Adelaide Labille-Guiard

Adélaide Labille-Guiard, Self-Portrait (c. 1775)
  • There's a prejudice that all artists come from artistic families, and not rarely these artists receive the initial training from their own parents. However, this wasn't the case with Adelaide Labille-Guiard (born in Paris, 11th April 1749 - 24th April 1803), for she was born into the family of a Parisian clothes salesman.

  • At the age of 20, she married a financial clerk named Louis-Nicolas Guiard, but the marriage wasn't successful one, since in 1779 Adelaide was granted a legal separation from her already estranged husband.
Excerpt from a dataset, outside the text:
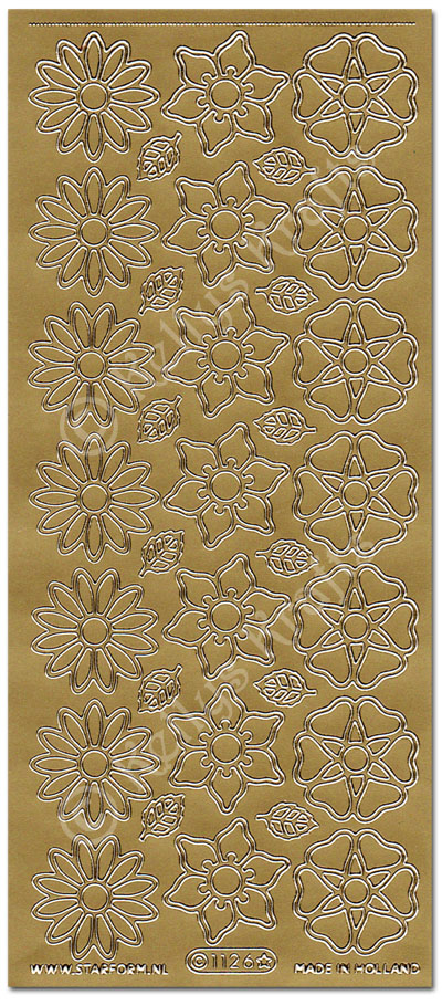 Flower/Daisy Heads & Leaves, Gold Peel Off Stickers (1 sheet)

After a reformation of divorce laws, Adelaide was finally able to marry her former teacher later, François André Vincent, whom she lived happily with until her death.
  • An early passion for art resulted in her commencing training as a miniaturist painter under the supervision of François-Elie Vincent, a Swiss miniaturist, and then studied pastels and portraiture with Maurice-Quentin de la Tour. That led to her exhibitions (1774-1783) at the Academy Saint-Luc, the Academy Royale, and the Salon de la Correspondance, mainly pastel portraits, often of leading members of each Academy like Joseph-Marie Vien.
Adelaide Labille-Guiard, Portrait of François André Vincent, (1795)
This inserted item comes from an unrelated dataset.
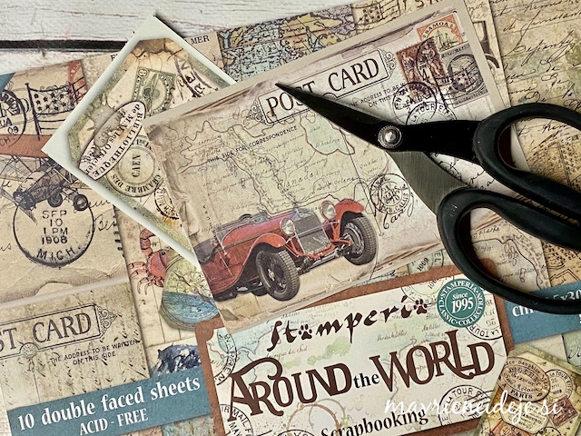 Pod osrednji motiv sem podložila črn papir, ki sem ga nemanoma namestila postrani in nato vse skupaj na pobarvan papir.

  • In 1783 two great things happened in Adelaide's life: she opened her own studio and took on several female pupils, and was also granted a full membership of the Academy Royale with her contemporary Elisabeth-Louise Vigée Le Brun. Rumours were circulated that these two women artists were bitter foes, competitors for the same commissions, but in reality, this competition was a lie circulated by the academy's male members, terrified that these ladies may achieve greater recognition for their work than they would. They may also have feared her determination to see a change in their admissions policy: she dedicated her life to equal opportunities for women artists at the Academy Royale, and in 1785, Adelaide began to petition for a studio in the Palais du Louvre. In 1795, her request was granted; the officials objected to the her female pupils joining the male dominated art of the Louvre.
  • Adelaide went from strength to strength as an exhibiting artist, and in 1787 became the official painter to Louis XVI's numerous aunts. In 1788 the future Louis XVII commissioned her to paint Reception of a Knight of St. Lazare by Monsieur, Grand Master of the Order; this was to be her only large scale piece, which was tragically destroyed in 1793 by the revolutionary forces, whose principles of "Liberté, Egalité et Fraternité" (Freedom, Equality and Brotherhood) obviously did not extend to great works of art. All that remains of this today is an oil sketch in the Legion D' Honneur in Pairs.
Adelaide Labille-Guiard, Mme Louise-Elisabeth with her two year old son, (1788)

  • Her fortunes could have been very different after her aristocratic clients had met their end beneath the guillotine, but Adelaide instead painted the leaders of the revolution, most notably Alexandre de Bauharnais and Maximillien Robespierre.
Adelaide Labille-Guiard, Maximilien de Robespierre (pastel), 1786
  • These portraits all have a sense of restraint, of calm, created through her skilful blending of pastel. Backgrounds were usually painted to match the colour of the sitters clothes, creating a wonderfully dream like ambience, making even the most martial of subjects seem gentle and thoughtful. This lightness of touch and command of technique was nowhere more evident than in her portraits of women, where the pattern in lace, the texture of silk and velvet, and the softness of hair is apparent.
  • While not as famous as other female artists of her time, or as popular, I truly admire her for fighting for equal rights, against discrimination that shouldn't even have taken place in the art world; her competence in passing the knowledge of her artistic skills to others, and for her obvious intelligence, adaptability to the new social climate derived from the change of political regimes in those turbulent times for France.